Idaho Cobalt Operations
- Location: Lemhi County, Idaho, United States; 45°08′21″N 114°21′07″W﻿ / ﻿45.13917°N 114.35194°W;
- Products: Cobalt, copper, gold
- Opened: 2022
- Company: Jervois Global
- Website: jervoisglobal.com/projects/idaho-cobalt-operations/
- Acquired: 2019

= Idaho Cobalt Operations =

Mine in Lemhi County, Idaho, U.S.

Idaho Cobalt Operations (ICO) is a cobalt mine located in Lemhi County, Idaho, United States, near the town of Salmon. The mine has reserves amounting to 3.8 million tonnes of ore grading 0.5% cobalt. The mine will also produce copper and gold. The project is located directly adjacent to the inactive Blackbird mine.
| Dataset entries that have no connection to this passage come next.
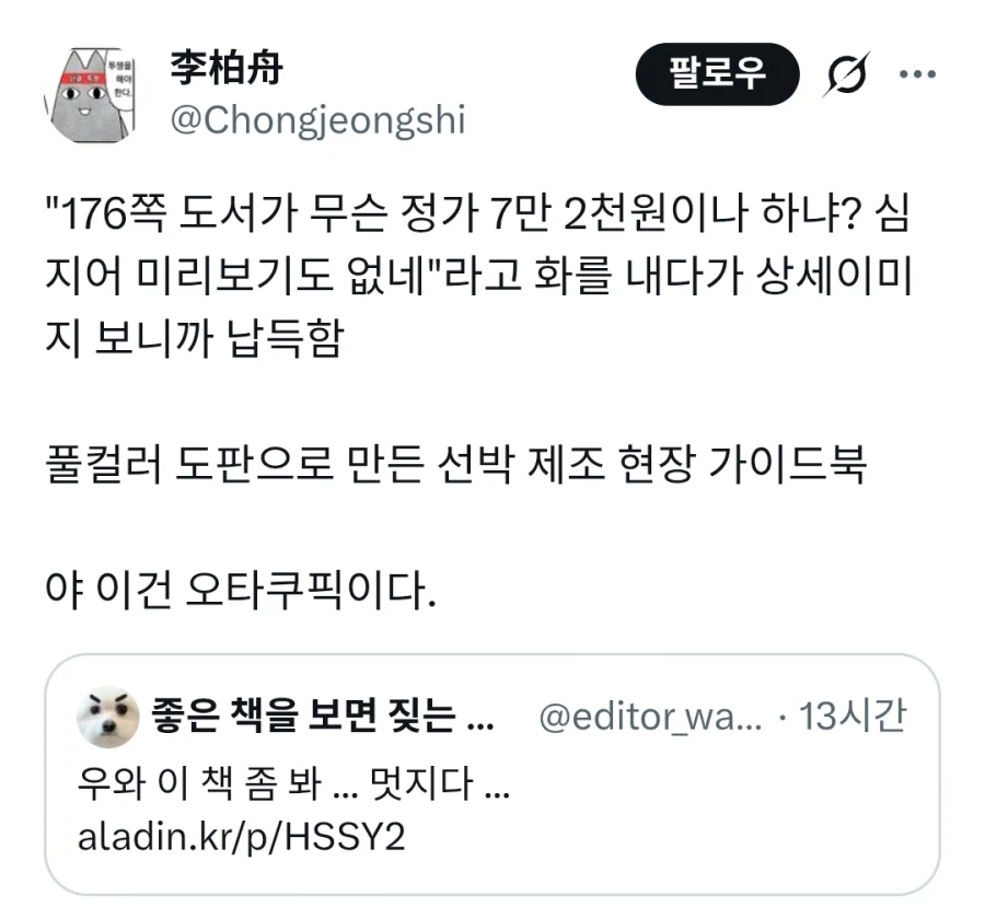 "176쪽 도서가 무슨 정가 7만 2천원이나 하냐? " Anonymous | 2026.04.01 15:10 | 조회 7 https://qquing.net/bbs/board.php?bo_table=humor&wr_id=1876808 주소 복사 이전글 다음글 랜덤 만화 목록 본문 개쩜... 추천 0 비추천 0
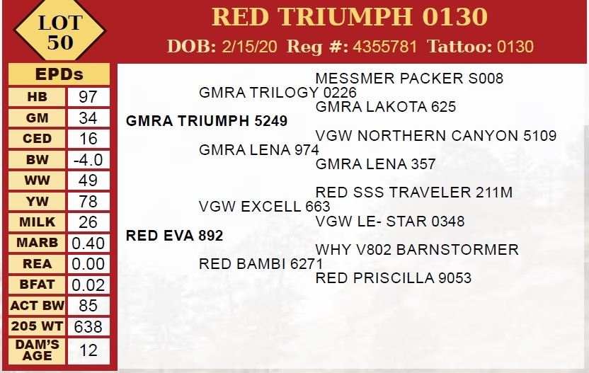 registered cattle. Bring your trailer on sale day and get $50 off per bull.
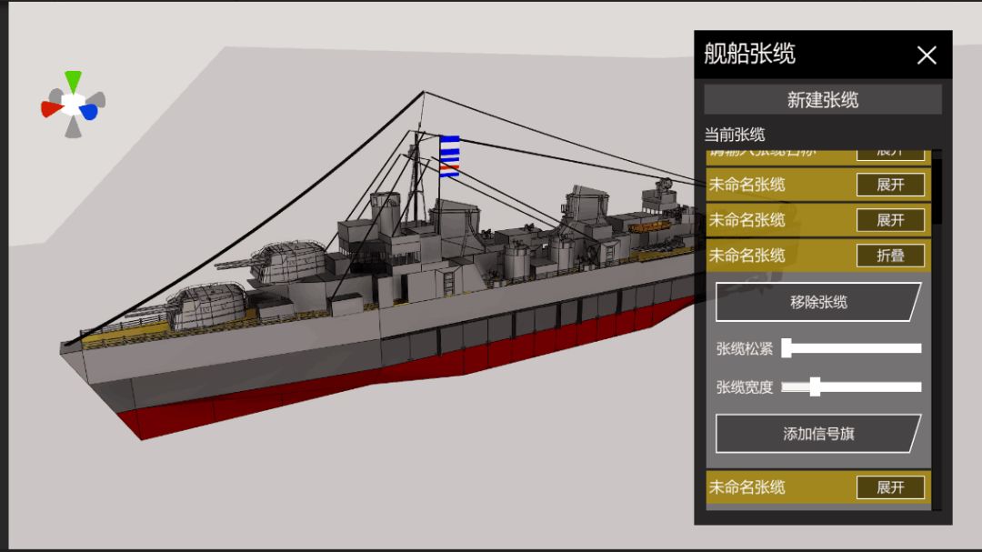 有部分体验过本内容的玩家依旧反馈只添加线缆显得还是有些单调,使用涂装板也较难模拟出信号旗的样子。于是乎我们便决定,在张缆功能中额外加入一些可以悬挂的旗帜,信号旗就是之一。(如获得张缆使用权限的玩家可以直接在张缆系统中添加信号旗)
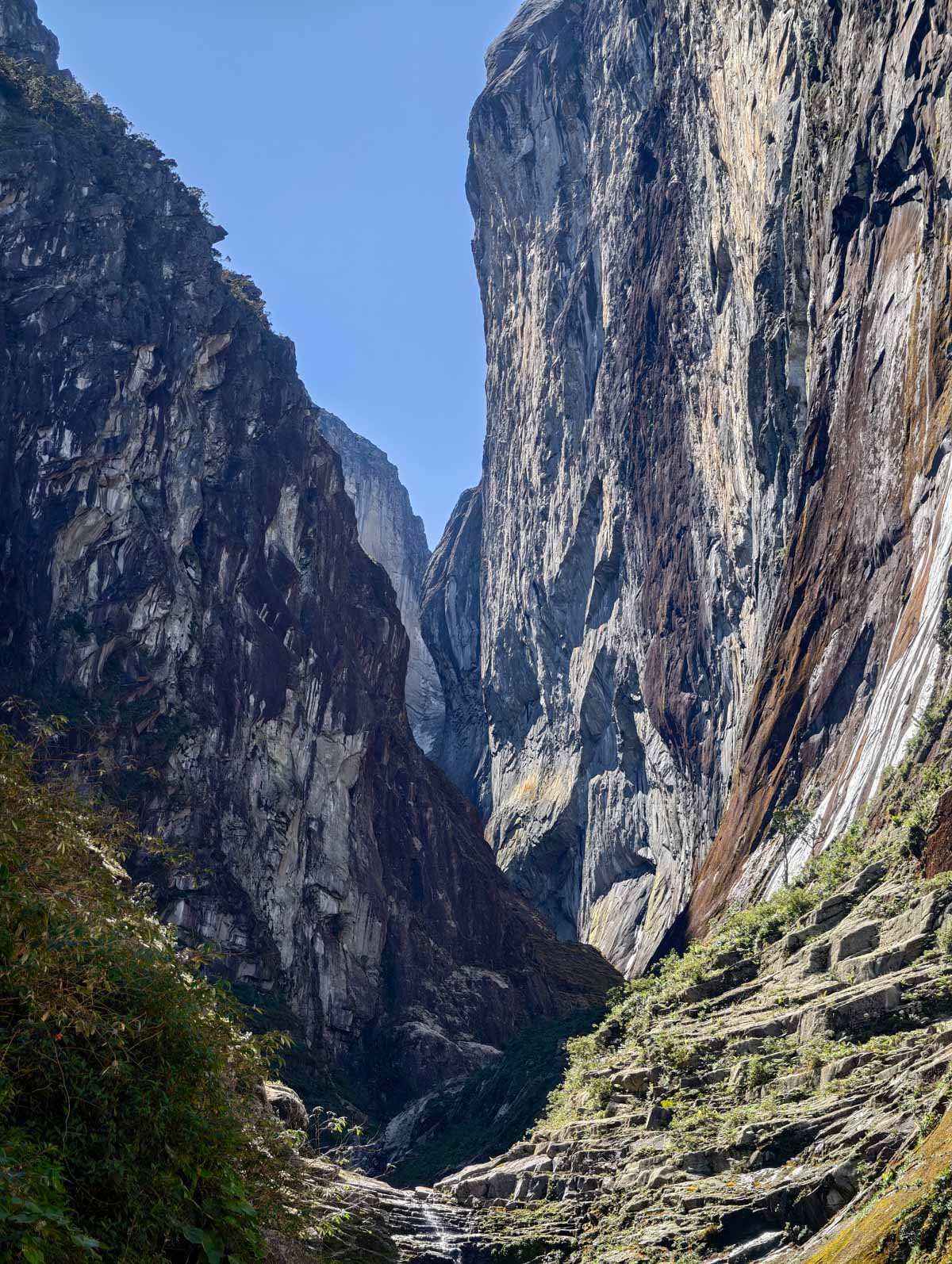 側壁は最大で約800m。白い花崗岩の岩塊が垂直に立ち上がり、その足元を深くえぐられた谷が走る。規格外という言葉では足りないスケールの空間を、私たちはキャニオニングという手段で下降してきた。
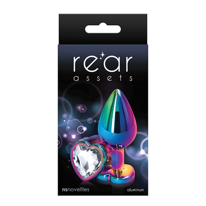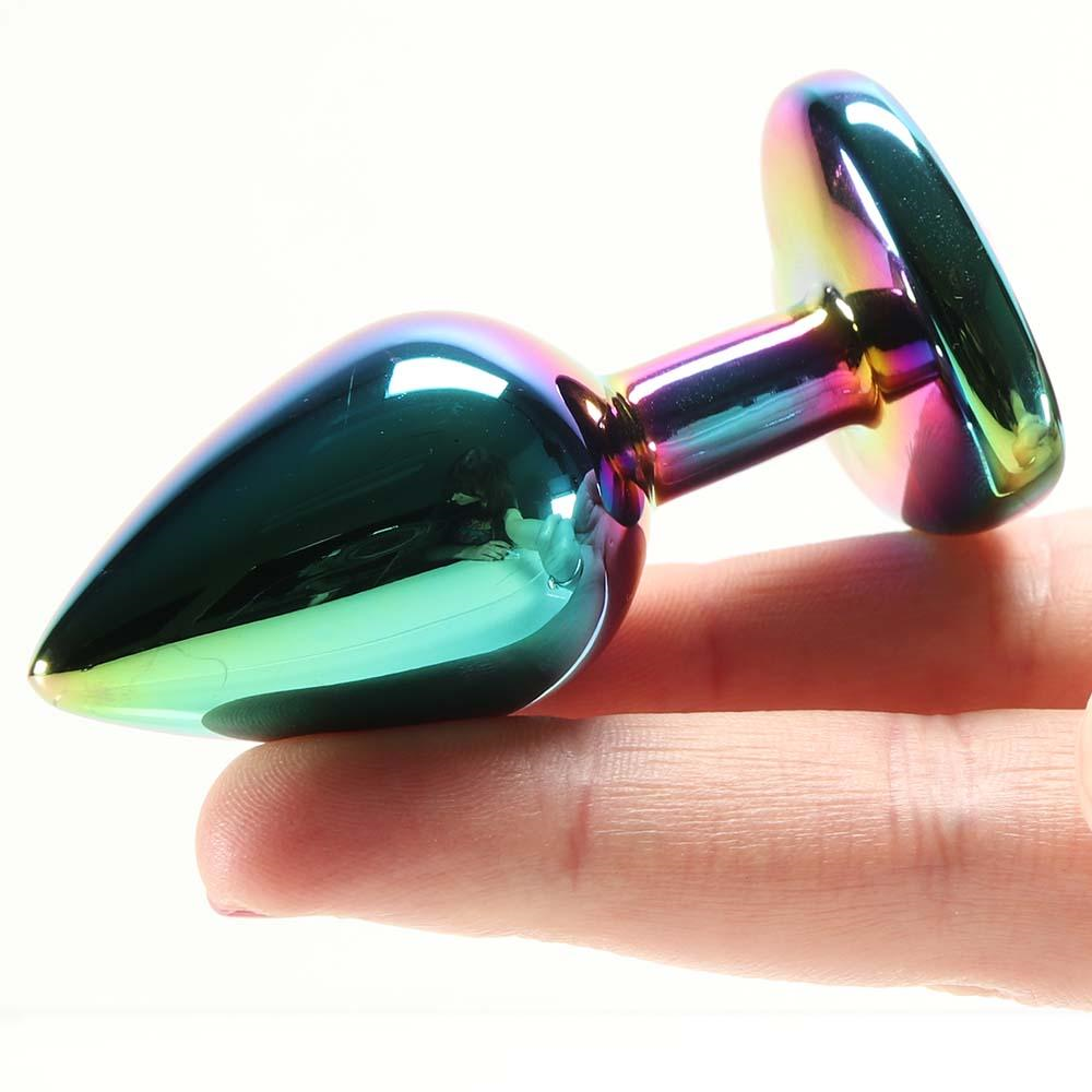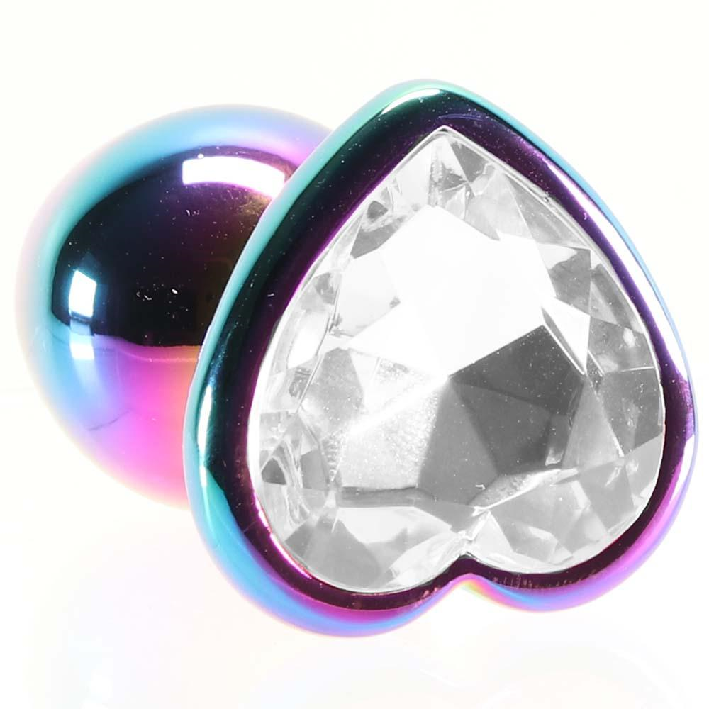 Tapón anal pequeño de aluminio multicolor, con gema de corazón transparente. Es liviano con diseño cromado, ideal para cualquier nivel de experiencia anal y particularmente perfecta para principiantes. Tiene un tamaño agradable y pequeño. Compatible con lubricantes a base de agua y silicona.
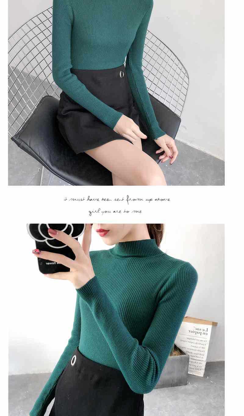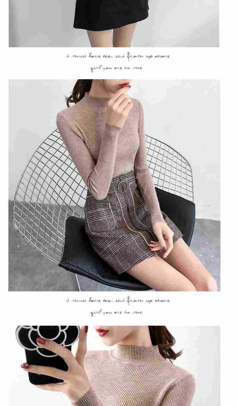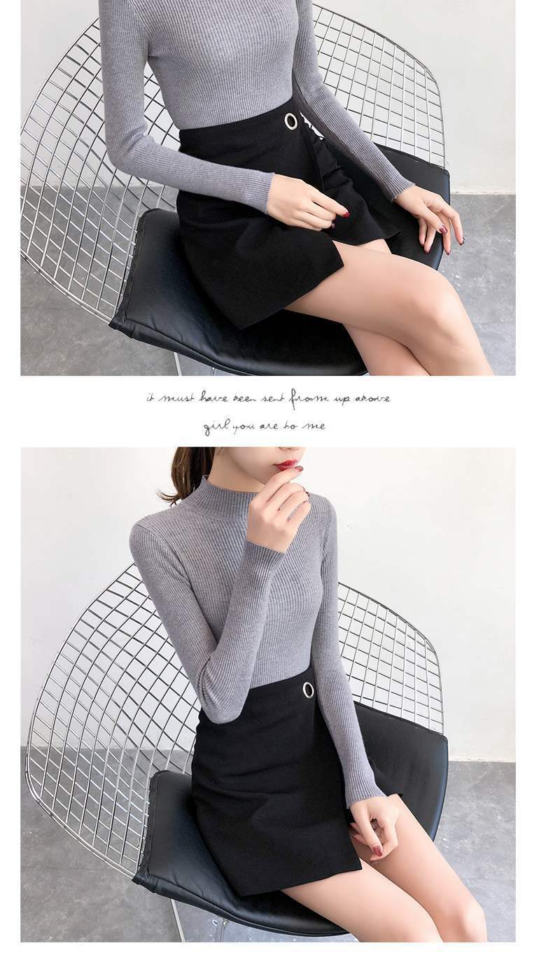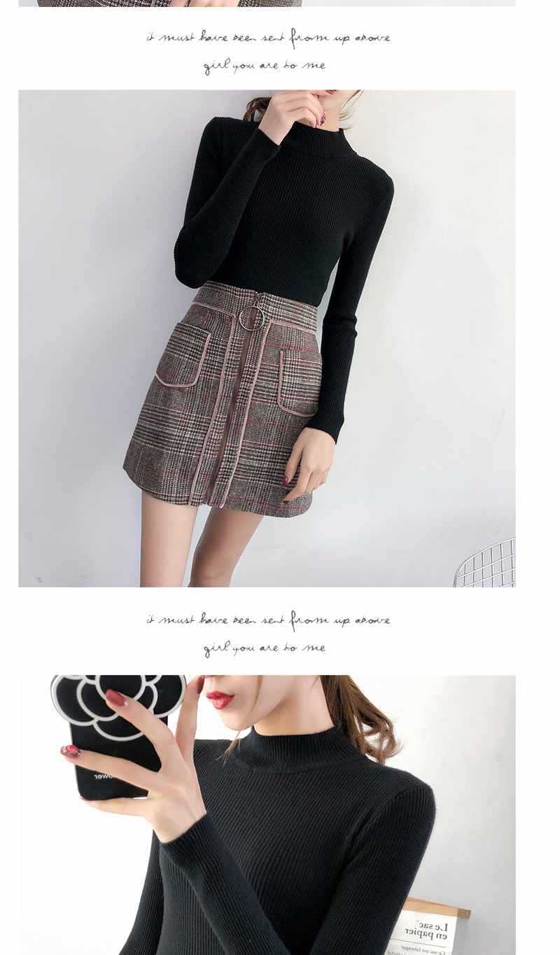 Ropa de Punto de Cuello Medio Alto 2025 Ropa de Punto Ajustada para Estudiantes Estilo Coreano Otoño e Invierno Nuevo Estilo con Top de Manga Larga

In 2019, the owner of the mine, the Canada-based Ecobalt Solutions, was acquired by the Australia-based Jervois Mining. The mine reopened in October 2022 as the only active cobalt mine in the United States. Construction on the mine ceased just five months later as cobalt prices stayed low, though it may reopen if they go up again.

== Background ==
Manufacture of electric cars drives increased demand for cobalt in the United States. This has prompted the federal government to prioritize extraction of domestic cobalt reserves (as well as lithium and other critical minerals). Most cobalt on the global market comes from the Democratic Republic of the Congo (DRC) and is controlled by China. Mining in the DRC is also notorious for human rights violations.

The Idaho cobalt mine is located in a cobalt belt that was mined intermittently beginning in the late 1800s. Full-scale cobalt mining began at Blackbird mine in 1949 and was closed in the late 1980s, leaving contaminated water and a Superfund site.